King Dollar: Empire, 20 Years On
ish mailian
ishmailian at gmail.com
Wed Apr 8 00:42:36 UTC 2020
U sustainable energy expert says the coronavirus outbreak may make
“dirty fuels” more attractive in the short term
https://www.bu.edu/articles/2020/will-the-covid-19-pandemic-slow-the-global-shift-to-renewable-energy/
On Tue, Apr 7, 2020 at 2:03 PM ish mailian <ishmailian at gmail.com> wrote:
>
> The short answer to the question about why, the most likely scenario
> btw, a gradual shift to renewable energy from fossil fuels will not
> end king dollar hegemony is evident in what is transpiring right now;
> the dollar's strength is owed primarily to the strength of the united
> states economy, its dynamic domestic strength, especially relative to
> other economies, like the European economy, and, specifically, to the
> strength of the usa ability to, through the **independent** central
> bank, the Fed, support the credit system.

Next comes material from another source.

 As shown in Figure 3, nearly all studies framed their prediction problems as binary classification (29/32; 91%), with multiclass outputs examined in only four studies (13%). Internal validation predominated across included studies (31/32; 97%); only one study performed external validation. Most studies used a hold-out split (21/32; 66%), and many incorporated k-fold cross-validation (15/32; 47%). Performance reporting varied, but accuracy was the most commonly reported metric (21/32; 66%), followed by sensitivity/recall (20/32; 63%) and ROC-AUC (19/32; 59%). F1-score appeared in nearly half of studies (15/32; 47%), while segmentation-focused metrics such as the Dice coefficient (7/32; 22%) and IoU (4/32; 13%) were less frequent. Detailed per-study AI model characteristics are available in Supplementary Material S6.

The Fed and the dollar are
> still considered the most reliable combination in the world. Other
> central banks lack either the liquidity and size or the confidence (as
> is the case in Europe) of the world to be held in reserve at the level
> of dollars.
>
> The dollar, as trade and transaction currency, simply has no real
> competition and a crisis like this one makes this evident.
>
> One of the reasons, though a diminishing reason for this, is that
> dollar is used for oil transactions--Petro-dollar.

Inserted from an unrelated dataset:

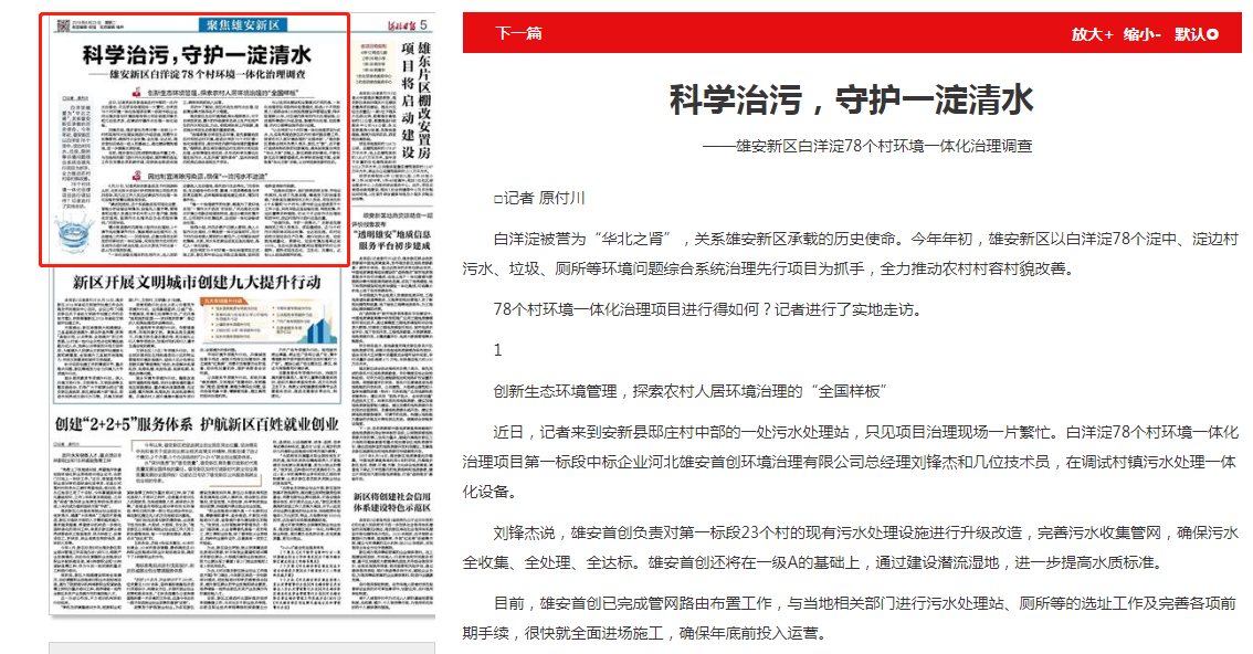 目前,雄安首创已完成管网路由布置工作,与当地相关部门进行污水处理站、厕所等的选址工作及完善各项前期手续,很快就全面进场施工,确保年底前投入运营。

> But oil is not all that important anymore and, as the Shale Saudi
> Russia war/deal makes clear, the dollar's strength and dominance is
> not influenced all that much, as it was decades ago, by oil.
>
> That said, oil is still one key to dollar dependence and if the world
> unplugged from oil and plugged into renewable energies quickly, very
> quickly, it could seriously damage the dollar's dominance.
>
> The power of the Fed is contrasted with the weakness of Washington
> and the States nicely in this essay.
> The current crisis expedited reforms that many on the progressive side
> have had to fight for tooth and nail, but the weakness of the systems
> in washngton ans at the state level to get money out is frustrating
> reform.
>
>
>
> Our Political System Is Hostile to Real Reform
>
> The stimulus bill doesn’t come anywhere near to meeting the challenge
> that we face.
>
> https://www.dissentmagazine.org/online_articles/our-political-system-is-hostile-to-real-reform
>
> On Tue, Apr 7, 2020 at 9:48 AM ish mailian <ishmailian at gmail.com> wrote:
> >
> > BTW,
> >
> > the greatest threat to the dollar is green technology.
> >
> > but a slow shift to green tech won't do it.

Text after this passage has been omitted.